Alternatively, you can load your own JSONL dataset from Cloud Storage.


In [None]:
# # Uncomment to read from Cloud Storage.
# GCS_PATH = 'gs://your-own-evaluation-dataset-with-human-preference-data.jsonl'
# preds = pd.read_json(GCS_PATH, lines=True)

#### Upload your dataset to Cloud Storage

Finally, we upload our evaluation dataset to Cloud Storage to be used as input for AutoSxS.

In [5]:
# Upload predictions to the Cloud Storage bucket.
examples.to_json(
    "evaluation_dataset_with_human_preference.json", orient="records", lines=True
)
! gsutil cp evaluation_dataset_with_human_preference.json $BUCKET_URI/input/evaluation_dataset_with_human_preference.json
DATASET = f"{BUCKET_URI}/input/evaluation_dataset_with_human_preference.json"

### Create and run AutoSxS job

In order to run AutoSxS, we need to define a `autosxs_pipeline` job with the following parameters. More details of the AutoSxS pipeline configuration can be found [here](https://google-cloud-pipeline-components.readthedocs.io/en/google-cloud-pipeline-components-2.9.0/api/preview/model_evaluation.html#preview.model_evaluation.autosxs_pipeline).

**Required Parameters:**
  - **evaluation_dataset:** A list of Cloud Storage paths to a JSONL dataset containing
      evaluation examples.
  - **task:** Evaluation task in the form {task}@{version}. task can be one of
      "summarization", "question_answering". Version is an integer with 3 digits or
      "latest". Ex: summarization@001 or question_answering@latest.
  - **id_columns:** The columns which distinguish unique evaluation examples.
  - **autorater_prompt_parameters:** Map of autorater prompt parameters to columns
      or templates. The expected parameters are:
      - inference_instruction - Details
      on how to perform a task.
      - inference_context - Content to reference to
      perform the task.

Additionally, we need to specify where the predictions for the candidate models (Model A and Model B) are coming from. AutoSxS can either run Vertex Batch Prediction to get predictions, or a predefined predictions column can be provided in the evaluation dataset.

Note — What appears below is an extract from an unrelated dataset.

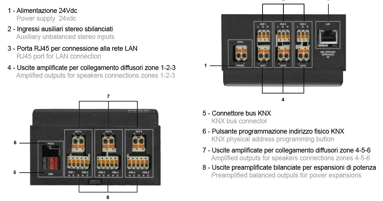 • 6 amplificatori audio per collegare diffusori 8 Ohm

**Model Parameters if using Batch Prediction (assuming Model A):**
  - **model_a:** A fully-qualified model resource name. This parameter is optional
      if Model A responses are specified.
  - **model_a_prompt_parameters:** Map of Model A prompt template parameters to
      columns or templates. In the case of [text-bison](https://cloud.google.com/vertex-ai/docs/generative-ai/model-reference/text#request_body), the only parameter needed is `prompt`.
  - **model_a_parameters:** The parameters that govern the predictions from model A such as the model temperature.

**Model Parameters if bringing your own predictions (assuming Model A):**
  - **response_column_a:** The column containing responses for model A. Required if
      any response tables are provided for model A.

Lastly, there are parameters that configure additional features such as exporting the judgments or comparing judgments to a human-preference dataset to check the AutoRater's alignment with human raters.
  - **judgments_format:** The format to write judgments to. Can be either 'json' or
      'bigquery'.
  - **bigquery_destination_prefix:** BigQuery table to write judgments to if the
      specified format is 'bigquery'.
  - **human_preference_column:** The column containing ground truths. Only required
      when users want to check the autorater alignment against human preference.

In this notebook, we will evaluate how well the autorater aligns with the human rater using two model's predictions (located in the `pred_a` column and `pred_b` column of `PREDS` dataset) and the human preference data (located in the `actuals` column of `PREDS` dataset). The task being performed is question answering.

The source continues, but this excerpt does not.